Every hour, on the hour.
By Neal
Fri, 06/08/2012 - 12:57pm
Its Westminster Chime is the real thing, sounding every 15 minutes, in longer increments until the top of the hour where it does a full Westminster, followed by the pealing of the hour, I think that is a recording though (A very high quality one though). The music follows the hour count. I'm not sure if they change the music for special occasions, except by season. I did happen to hear it play "Wild Blue Yonder" on the same day last year that my nephew graduated from USAF Basic Military Training. I don't know if that was coincidence (like if all BMT graduations happen on the same day or something) or in commemoration.
NPR story
By Night Owl City
Fri, 06/08/2012 - 12:54pm
Filene's Musical Holiday Celebration, from 2002 reports the bells that play (sound? chime?) Westminster Chimes were installed in 1912 and the carillon was installed in 1997.
It also plays...
By Neal
Fri, 06/08/2012 - 1:03pm
...the theme to Love Story
I wish Ray Bradbury were here
By joehp
Fri, 06/08/2012 - 2:33pm
to write a story for us: I have no carillon and I must scream. I have no glockenspiel and I (and everyone within earshot), must scream with delight.
He's not here, but ...
By adamg
Fri, 06/08/2012 - 2:38pm
Harlan Ellison is, although I hear he can be cranky.
Thanks, Adam.
By joehp
Fri, 06/08/2012 - 2:44pm
M. Ellison is not funny, though, and M. Bradbury was. That story is creepy as hell.
True, that
By adamg
Fri, 06/08/2012 - 2:45pm
As is much of his work.
Nothing like making a snarky remark....
By Michael Kerpan
Fri, 06/08/2012 - 3:15pm
... about Harlan Ellison at a science fiction convention (long ago) and then discovering he is standing right behind you.
Who,you?
By joehp
Fri, 06/08/2012 - 3:22pm
What's the story?
It was a group conversation...
By Michael Kerpan
Fri, 06/08/2012 - 3:29pm
... in an aisle in the book sellers area -- and I was one of the participants -- and I hear someone behind me say "can I get by" -- and it was H.E. himself.

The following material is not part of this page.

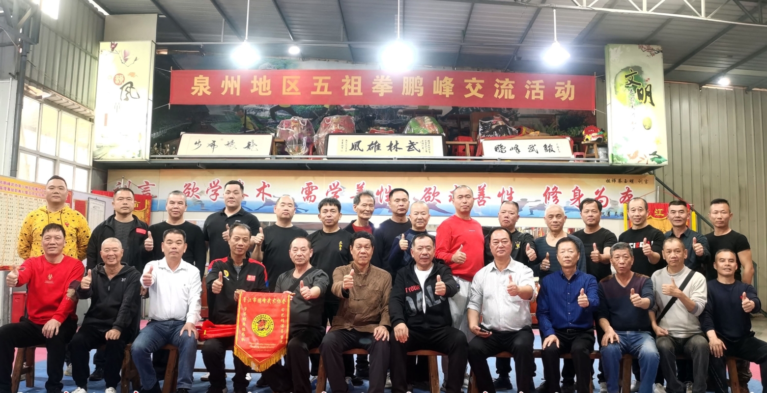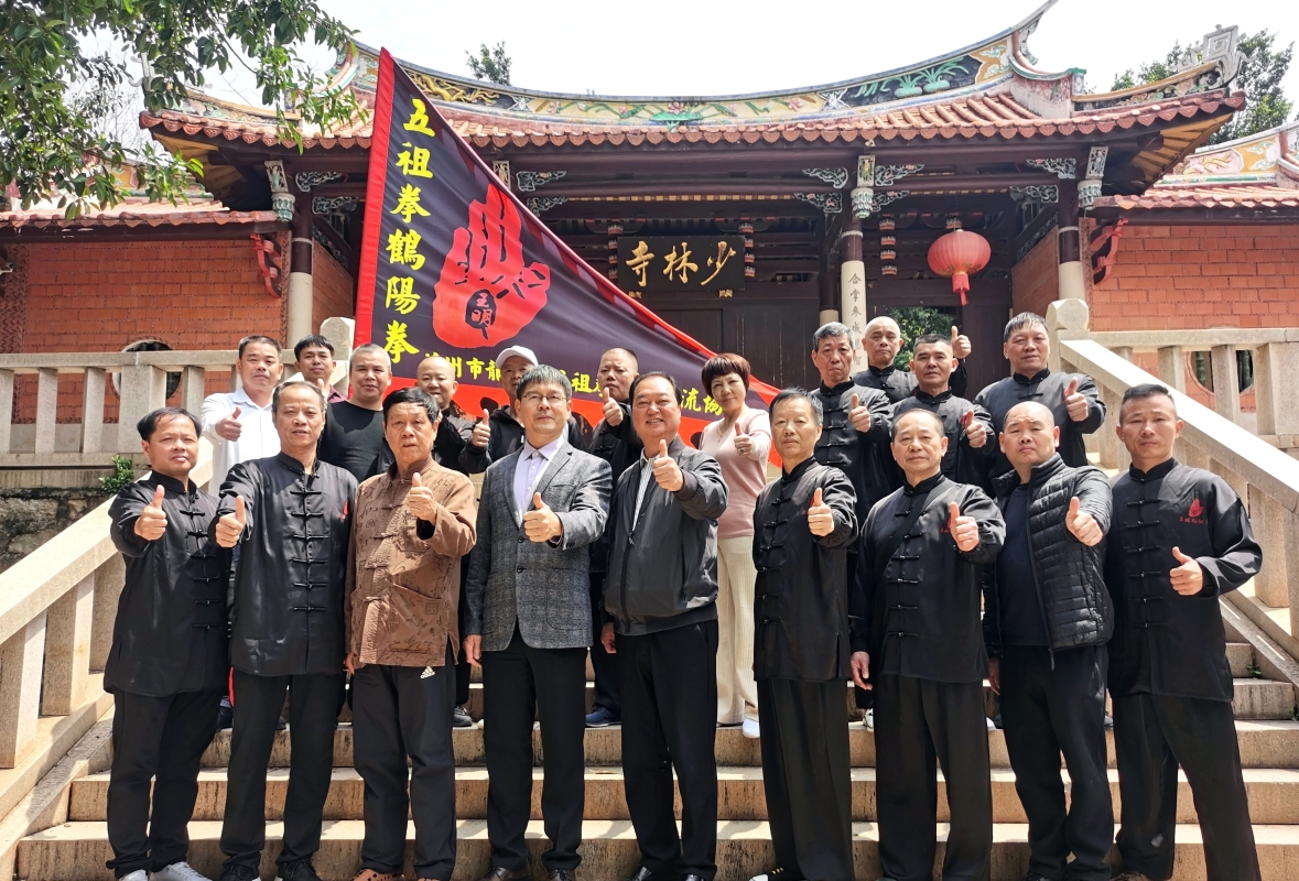 為弘揚傳統武術,交流分享習武心得。4月2日,福建省漳州市龍海區五祖拳文化交流協會由會長莊百堅、秘書長劉毅勇、漳州市龍文區兩岸對台武術文化交流中心陳金水會長帶領團隊一行應邀赴泉州少林寺,泉州市晉江鵬峰武術協會進行為期一天的傳統武術文化交流活動。少林寺的釋常定方丈和武僧團長理剛非常重視此次交流活動,當天,少林寺武僧到場做精彩演練。龍海區五祖拳名師也和同門進行交流分享,場面氣氛熱鬧。 五祖拳,是中國傳統拳術中的南拳之 一。此拳是由蔡玉鳴(福建泉州人1853-1910)綜合了白鶴拳、猴拳、羅漢拳、達尊拳和太祖拳而成的,故稱五祖拳。五祖拳屬典型的外家功力型拳術,威猛激烈,以柔濟剛,包涵內家拳的很多技擊法和內功修煉法。2008年6月7日,五祖拳經國務院批准列入第二批 國家級非物質文化遺產名錄。

We _hoped_ he hadn't been standing there listening, waiting for the moment to cause us maximum chagrin -- but who knows.
Thank you, Michael.
By joehp
Fri, 06/08/2012 - 5:32pm
I am a bit thick, so I know I need to know more to get the full picture... Hopefully (yes, hopefully -- word we all get!), we can connect at some point and you can help me understand.
These are 30+ year old memories
By Michael Kerpan
Fri, 06/08/2012 - 5:51pm
Not sure that I have many more details of this eccounter left in my memory. ;~}
How does the carillon work? I
By anon
Fri, 06/08/2012 - 3:58pm
How does the carillon work?
I assume it isn't someone playing a keyboard in real-time. So where to the music files come from, and who chooses them?
The world's most famous Glockenspiel
By Neal
Fri, 06/08/2012 - 4:48pm
And, I think, my most viewed video on Youtube.